**Exercise requirements**
In the records below, the line with "Barre murale magnétique" and every line after it must be written out exactly; no pictures belong in the result.

**Data extract**
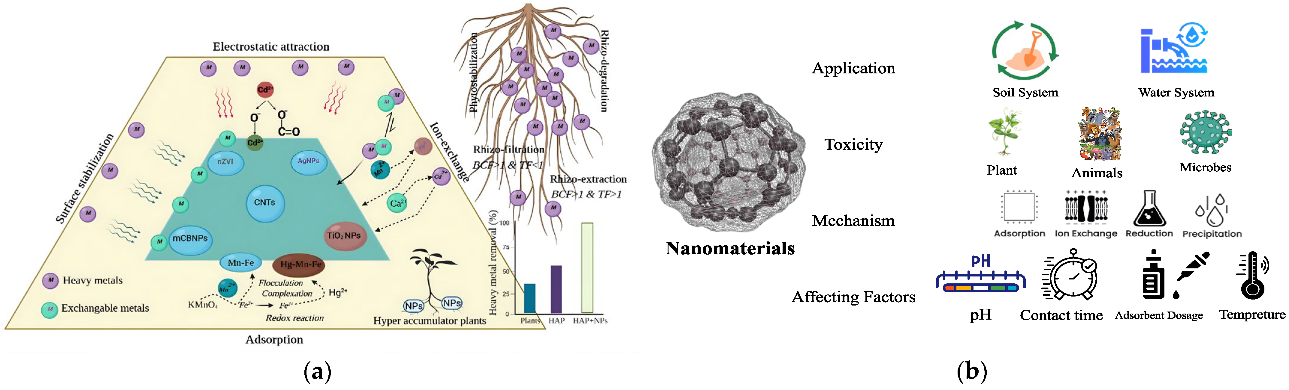- Sathish, T.; Ahalya, N.; Thirunavukkarasu, M.; Senthil, T.S.; Hussain, Z.; Haque Siddiqui, M.I.; Panchal, H.; Kumar Sadasivuni, K. A Comprehensive Review on the Novel Approaches Using Nanomaterials for the Remediation of Soil and Water Pollution. Alex. Eng. J. 2024, 86, 373–385. [Google Scholar] [CrossRef]
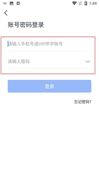 4、在“账号密码登录”界面,依次填写手机号或VIP伴学账号、对应的密码,点击【登录】完成操作;若忘记密码,可点击“忘记密码?”找回。
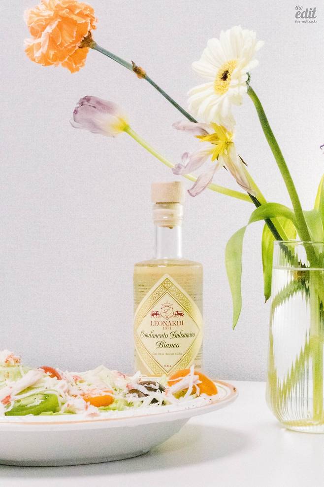 마켓컬리에 오랜 시간 입고가 되지 않아 해외 직구로 구매한 적도 있다. 여름이 제철인 오이나 토마토와 잘 어울려서 적어도 6월엔 꼭 구비한다. 채소 위에 화이트 발사믹과 후추, 약간의 레몬즙을 뿌리면 끝. 너무 시지도 않고, 단맛이 은은하게 맴돌아 별다른 드레싱이 없어도 상큼하니 맛있다. 여기에 올리브 오일, 다진 마늘과 잘게 썬 양파를 넣고 두부면을 넣어주면 다이어트식으로 훌륭한 한 끼가 완성된다.
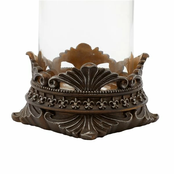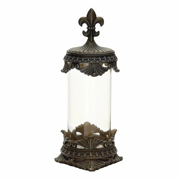 - Brass finished tops and bases, featuring fleur de lis designs
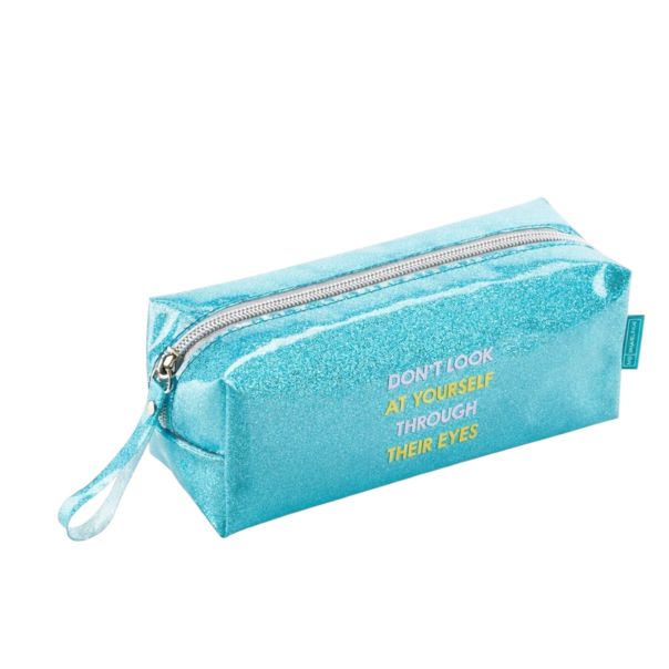 Ova elegantna pernica u upečatljivoj tirkiznoj nijansi sa suptilnim sjajnim efektom privlači pažnju na prvi pogled. Inspirativna poruka “Don’t look at yourself through their eyes” daje joj dodatnu vrednost, podsećajući na samopouzdanje i autentičnost. Minimalistički oblik i čiste linije čine je idealnim izborom za školu, posao ili svakodnevnu organizaciju.
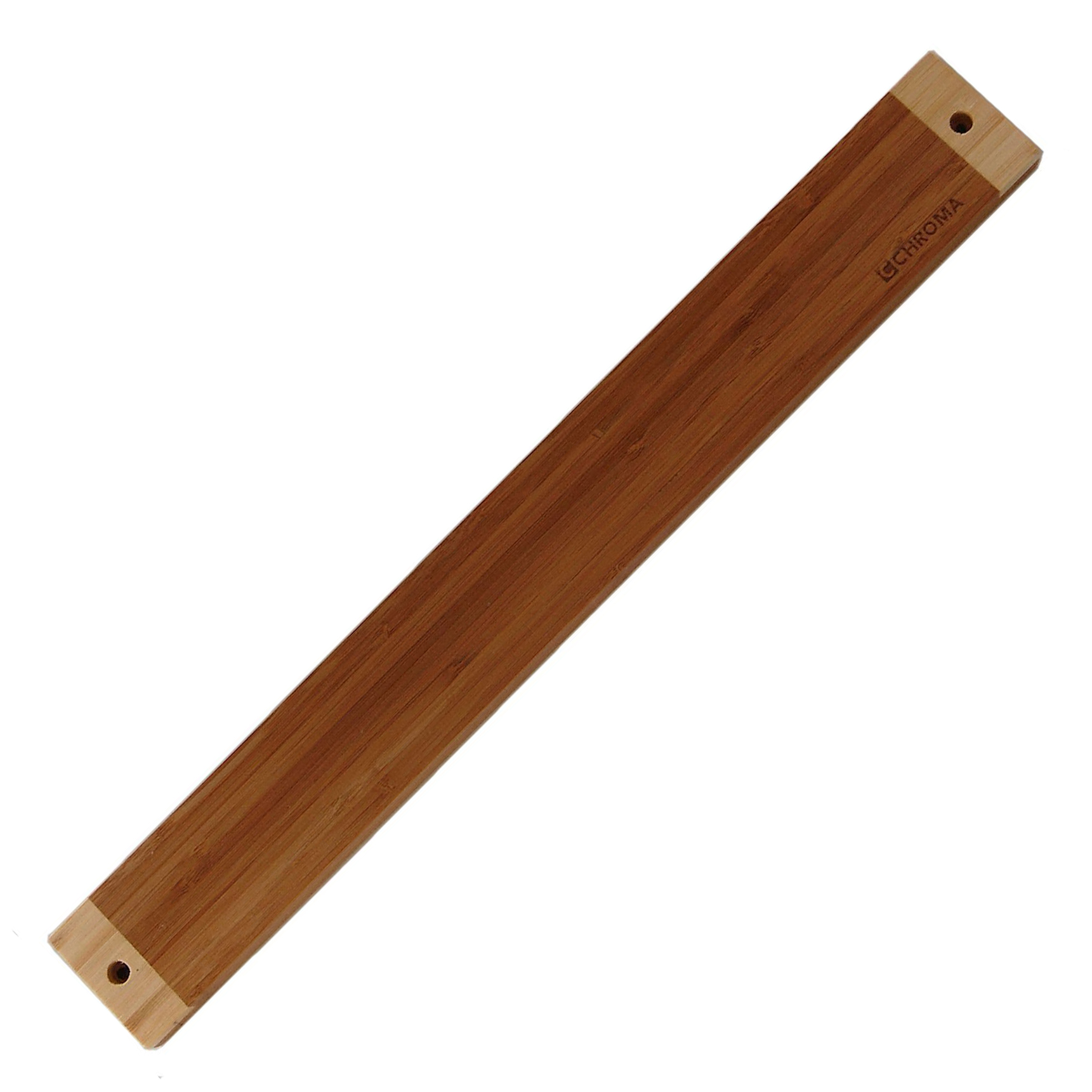 Barre murale magnétique pour couteaux de cuisine permettant de ranger vos couteaux de façon sécurisée. Composée de huit aimants extra-forts (la plupart des barres dans le commerce ne vont pas au-delà de six), en bambou pour ne pas rayer vos lames. Vis fournis.
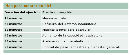 Según el Dr. Froböse, los beneficios de la bicicleta empiezan a apreciarse con los primeros 20 minutos de pedaleo. Sin embargo, lo ideal, según este mismo médico, es encontrar al menos tres huecos por semana para pedalear de 45 a 60 minutos, o "monta tan a menudo como puedas". Cuanto más tiempo dedicas a la bicicleta más ventajas vas acumulando. No hay más que fijarse en el recuadro:

**Result**
 Barre murale magnétique pour couteaux de cuisine permettant de ranger vos couteaux de façon sécurisée. Composée de huit aimants extra-forts (la plupart des barres dans le commerce ne vont pas au-delà de six), en bambou pour ne pas rayer vos lames. Vis fournis.
 Según el Dr. Froböse, los beneficios de la bicicleta empiezan a apreciarse con los primeros 20 minutos de pedaleo. Sin embargo, lo ideal, según este mismo médico, es encontrar al menos tres huecos por semana para pedalear de 45 a 60 minutos, o "monta tan a menudo como puedas". Cuanto más tiempo dedicas a la bicicleta más ventajas vas acumulando. No hay más que fijarse en el recuadro:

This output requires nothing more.